Exactly the lines below starting at the line with "大家好,綜合小編來為大家講解" and ending at the line with "Grohe Pack WC" are wanted, with both ends included. Leave out the pictures and add no other lines.

● DATA RECORDS
-- Opening Marker --

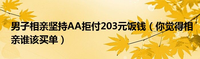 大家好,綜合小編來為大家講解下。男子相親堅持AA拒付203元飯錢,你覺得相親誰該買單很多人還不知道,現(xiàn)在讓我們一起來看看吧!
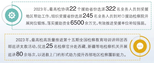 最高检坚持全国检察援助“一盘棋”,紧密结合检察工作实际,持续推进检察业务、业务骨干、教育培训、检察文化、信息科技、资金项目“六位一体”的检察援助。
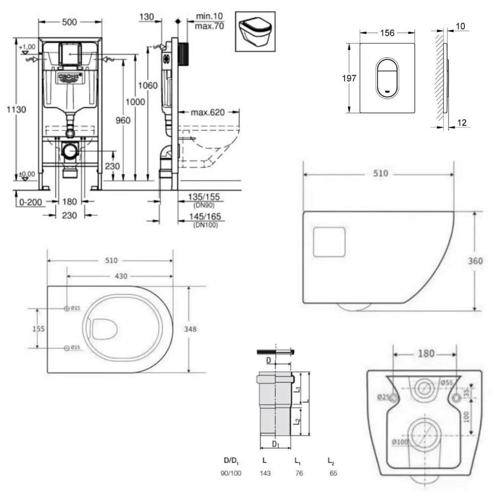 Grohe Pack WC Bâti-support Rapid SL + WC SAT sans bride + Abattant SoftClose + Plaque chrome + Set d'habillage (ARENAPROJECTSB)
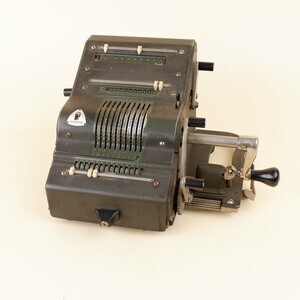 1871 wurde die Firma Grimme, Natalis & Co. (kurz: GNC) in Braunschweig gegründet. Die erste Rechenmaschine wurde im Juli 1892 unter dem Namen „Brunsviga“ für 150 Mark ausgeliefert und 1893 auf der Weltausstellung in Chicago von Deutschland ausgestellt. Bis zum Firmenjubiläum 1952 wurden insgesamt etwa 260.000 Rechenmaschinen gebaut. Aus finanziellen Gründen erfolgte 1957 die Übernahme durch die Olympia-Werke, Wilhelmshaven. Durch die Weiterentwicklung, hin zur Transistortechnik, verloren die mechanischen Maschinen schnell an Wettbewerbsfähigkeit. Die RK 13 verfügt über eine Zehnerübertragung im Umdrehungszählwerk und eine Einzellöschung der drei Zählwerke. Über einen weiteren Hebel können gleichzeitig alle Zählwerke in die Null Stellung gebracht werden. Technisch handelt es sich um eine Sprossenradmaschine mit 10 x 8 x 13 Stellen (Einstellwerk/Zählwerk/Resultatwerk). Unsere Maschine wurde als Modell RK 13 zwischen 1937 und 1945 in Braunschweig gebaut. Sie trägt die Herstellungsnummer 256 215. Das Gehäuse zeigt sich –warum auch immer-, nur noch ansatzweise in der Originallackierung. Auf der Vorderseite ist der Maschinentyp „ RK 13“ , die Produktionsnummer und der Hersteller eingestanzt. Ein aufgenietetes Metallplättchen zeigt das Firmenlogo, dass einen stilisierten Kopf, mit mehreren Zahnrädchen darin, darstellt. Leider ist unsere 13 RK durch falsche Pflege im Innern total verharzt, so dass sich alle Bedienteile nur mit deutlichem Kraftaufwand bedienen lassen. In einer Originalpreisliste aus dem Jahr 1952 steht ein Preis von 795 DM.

-- Closing Marker --
-- Opening Marker --

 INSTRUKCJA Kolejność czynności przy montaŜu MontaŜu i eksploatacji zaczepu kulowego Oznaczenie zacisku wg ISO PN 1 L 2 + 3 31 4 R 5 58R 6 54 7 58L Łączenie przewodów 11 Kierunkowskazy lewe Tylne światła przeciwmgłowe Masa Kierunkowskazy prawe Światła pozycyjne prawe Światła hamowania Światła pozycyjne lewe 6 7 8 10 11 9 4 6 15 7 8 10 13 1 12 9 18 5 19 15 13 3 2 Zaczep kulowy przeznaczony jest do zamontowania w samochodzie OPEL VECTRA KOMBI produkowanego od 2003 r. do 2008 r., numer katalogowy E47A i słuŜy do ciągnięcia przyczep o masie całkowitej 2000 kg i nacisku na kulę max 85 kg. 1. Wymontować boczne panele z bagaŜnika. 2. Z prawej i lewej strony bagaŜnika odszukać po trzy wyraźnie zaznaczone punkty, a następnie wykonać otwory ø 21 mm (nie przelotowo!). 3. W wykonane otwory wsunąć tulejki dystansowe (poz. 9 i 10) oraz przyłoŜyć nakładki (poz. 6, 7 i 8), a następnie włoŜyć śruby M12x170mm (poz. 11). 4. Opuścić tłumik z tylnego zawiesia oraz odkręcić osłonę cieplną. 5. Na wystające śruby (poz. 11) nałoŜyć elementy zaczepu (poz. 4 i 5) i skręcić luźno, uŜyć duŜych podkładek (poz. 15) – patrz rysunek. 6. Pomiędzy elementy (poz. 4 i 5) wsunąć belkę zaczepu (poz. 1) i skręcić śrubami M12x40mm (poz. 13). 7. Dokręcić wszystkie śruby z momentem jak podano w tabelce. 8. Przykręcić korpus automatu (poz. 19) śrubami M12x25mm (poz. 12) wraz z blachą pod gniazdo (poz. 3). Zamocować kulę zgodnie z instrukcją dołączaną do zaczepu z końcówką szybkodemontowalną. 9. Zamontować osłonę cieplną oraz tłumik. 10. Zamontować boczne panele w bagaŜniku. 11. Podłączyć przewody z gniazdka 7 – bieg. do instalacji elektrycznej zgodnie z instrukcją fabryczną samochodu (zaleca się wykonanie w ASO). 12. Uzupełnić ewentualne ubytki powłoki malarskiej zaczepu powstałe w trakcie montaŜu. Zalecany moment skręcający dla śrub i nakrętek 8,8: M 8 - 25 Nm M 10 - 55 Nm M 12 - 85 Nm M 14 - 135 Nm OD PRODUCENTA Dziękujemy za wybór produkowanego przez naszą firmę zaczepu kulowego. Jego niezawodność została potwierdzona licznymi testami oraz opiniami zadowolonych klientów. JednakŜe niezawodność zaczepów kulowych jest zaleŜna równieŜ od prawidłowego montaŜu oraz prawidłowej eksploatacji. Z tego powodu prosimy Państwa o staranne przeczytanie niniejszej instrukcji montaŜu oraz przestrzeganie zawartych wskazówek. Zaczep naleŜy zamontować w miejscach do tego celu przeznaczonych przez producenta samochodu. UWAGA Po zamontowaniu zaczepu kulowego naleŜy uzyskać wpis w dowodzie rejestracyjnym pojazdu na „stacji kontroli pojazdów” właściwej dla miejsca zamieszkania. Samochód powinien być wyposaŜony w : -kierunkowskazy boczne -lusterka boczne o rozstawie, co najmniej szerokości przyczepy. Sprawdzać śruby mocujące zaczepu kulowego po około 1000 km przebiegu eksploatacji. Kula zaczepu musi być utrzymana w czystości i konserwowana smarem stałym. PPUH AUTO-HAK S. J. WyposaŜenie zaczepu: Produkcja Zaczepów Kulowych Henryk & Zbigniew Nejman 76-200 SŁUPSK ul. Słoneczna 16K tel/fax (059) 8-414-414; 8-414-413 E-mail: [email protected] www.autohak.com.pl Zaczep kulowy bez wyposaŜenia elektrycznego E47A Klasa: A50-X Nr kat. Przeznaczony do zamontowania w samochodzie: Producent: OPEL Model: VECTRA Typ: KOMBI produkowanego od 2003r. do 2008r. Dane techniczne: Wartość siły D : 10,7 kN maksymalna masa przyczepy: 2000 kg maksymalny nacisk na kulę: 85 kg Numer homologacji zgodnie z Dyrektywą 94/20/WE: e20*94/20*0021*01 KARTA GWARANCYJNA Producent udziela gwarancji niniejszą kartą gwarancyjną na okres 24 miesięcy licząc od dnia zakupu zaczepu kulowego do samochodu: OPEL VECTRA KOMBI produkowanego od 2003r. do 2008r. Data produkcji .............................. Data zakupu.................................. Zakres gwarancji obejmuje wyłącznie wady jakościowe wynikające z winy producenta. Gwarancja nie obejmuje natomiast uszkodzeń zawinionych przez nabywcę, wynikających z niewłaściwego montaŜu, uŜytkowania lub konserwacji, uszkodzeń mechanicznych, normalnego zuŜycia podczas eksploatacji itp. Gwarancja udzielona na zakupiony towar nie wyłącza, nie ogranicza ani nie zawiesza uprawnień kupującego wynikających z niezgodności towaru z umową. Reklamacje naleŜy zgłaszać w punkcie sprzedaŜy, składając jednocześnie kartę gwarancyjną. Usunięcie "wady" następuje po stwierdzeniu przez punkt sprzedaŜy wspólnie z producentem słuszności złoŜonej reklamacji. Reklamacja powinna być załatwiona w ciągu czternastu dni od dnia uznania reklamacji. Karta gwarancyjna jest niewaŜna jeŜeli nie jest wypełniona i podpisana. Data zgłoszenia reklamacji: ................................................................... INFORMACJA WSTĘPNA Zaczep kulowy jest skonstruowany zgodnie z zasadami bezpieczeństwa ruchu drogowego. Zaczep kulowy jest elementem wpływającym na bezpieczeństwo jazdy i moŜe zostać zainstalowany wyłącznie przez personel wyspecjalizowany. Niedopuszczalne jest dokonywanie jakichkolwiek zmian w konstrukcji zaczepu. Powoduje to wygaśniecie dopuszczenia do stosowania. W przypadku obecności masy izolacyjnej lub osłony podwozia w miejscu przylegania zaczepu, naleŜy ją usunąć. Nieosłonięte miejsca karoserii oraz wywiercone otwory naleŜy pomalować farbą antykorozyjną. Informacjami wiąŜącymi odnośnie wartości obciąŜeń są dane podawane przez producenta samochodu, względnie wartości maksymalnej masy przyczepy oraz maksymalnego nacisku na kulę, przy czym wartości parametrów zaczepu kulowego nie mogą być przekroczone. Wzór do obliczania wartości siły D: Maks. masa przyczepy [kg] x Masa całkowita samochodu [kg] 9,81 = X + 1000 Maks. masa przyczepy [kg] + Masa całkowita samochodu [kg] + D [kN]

-- Closing Marker --

● RESULT OF THIS TASK
 大家好,綜合小編來為大家講解下。男子相親堅持AA拒付203元飯錢,你覺得相親誰該買單很多人還不知道,現(xiàn)在讓我們一起來看看吧!
 最高检坚持全国检察援助“一盘棋”,紧密结合检察工作实际,持续推进检察业务、业务骨干、教育培训、检察文化、信息科技、资金项目“六位一体”的检察援助。
 Grohe Pack WC Bâti-support Rapid SL + WC SAT sans bride + Abattant SoftClose + Plaque chrome + Set d'habillage (ARENAPROJECTSB)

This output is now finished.